Work to complete — Retype, exactly and with nothing added, the lines from the one showing "Size: 262*194*58mm/1250ml" through the final line of the material. Omit pictures.

Dataset section —
━━━━

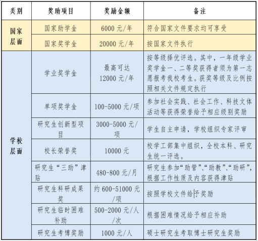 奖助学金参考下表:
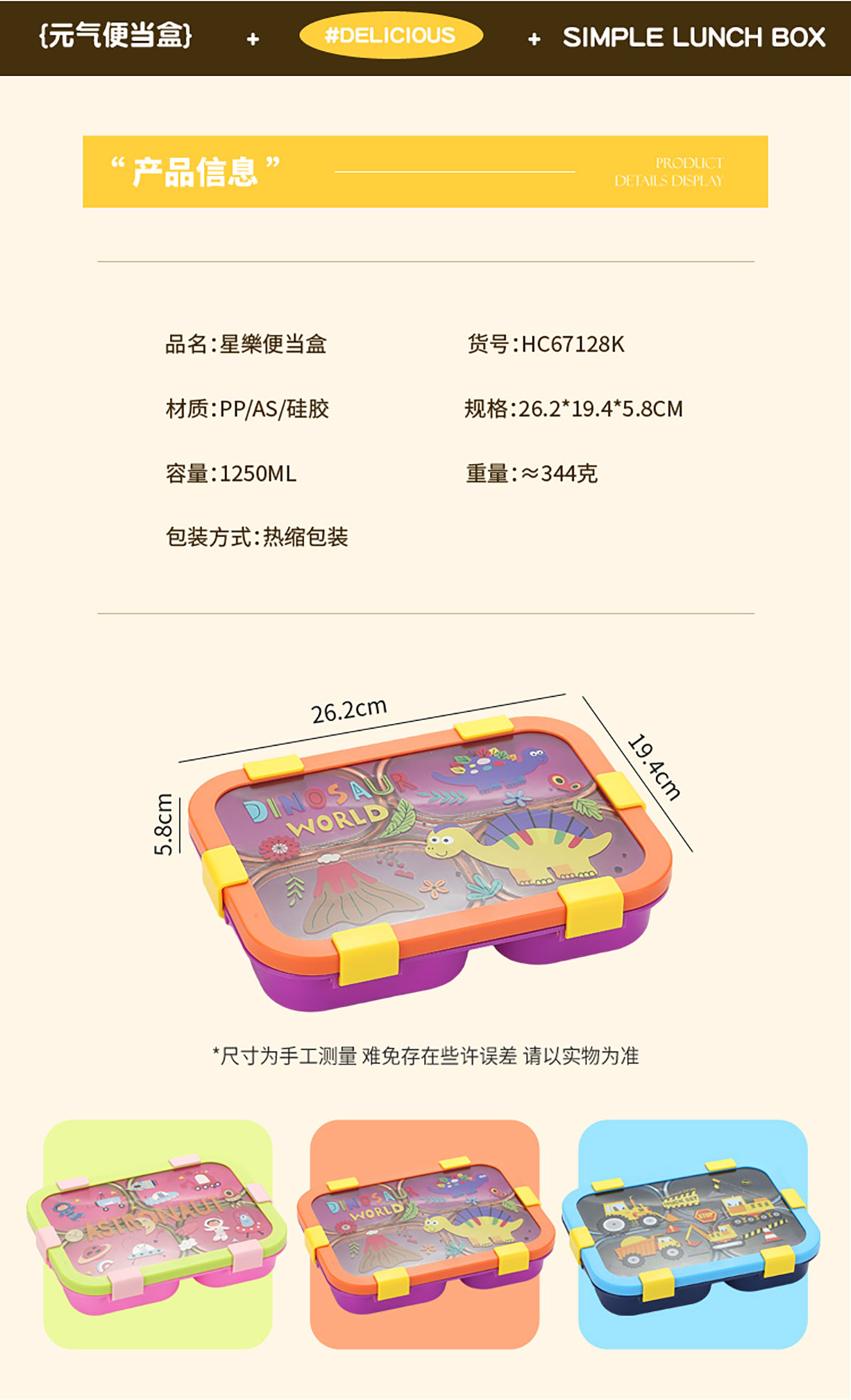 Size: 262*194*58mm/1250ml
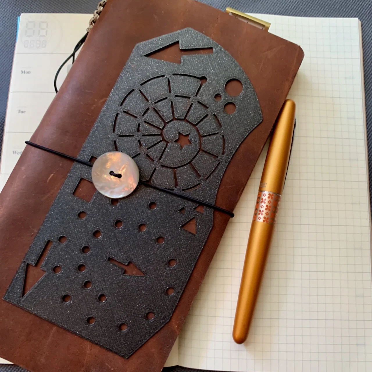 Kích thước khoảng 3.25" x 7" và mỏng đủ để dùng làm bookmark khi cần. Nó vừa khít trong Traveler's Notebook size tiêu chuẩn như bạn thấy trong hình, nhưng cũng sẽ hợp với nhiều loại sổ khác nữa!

━━━━

Output —
 Size: 262*194*58mm/1250ml
 Kích thước khoảng 3.25" x 7" và mỏng đủ để dùng làm bookmark khi cần. Nó vừa khít trong Traveler's Notebook size tiêu chuẩn như bạn thấy trong hình, nhưng cũng sẽ hợp với nhiều loại sổ khác nữa!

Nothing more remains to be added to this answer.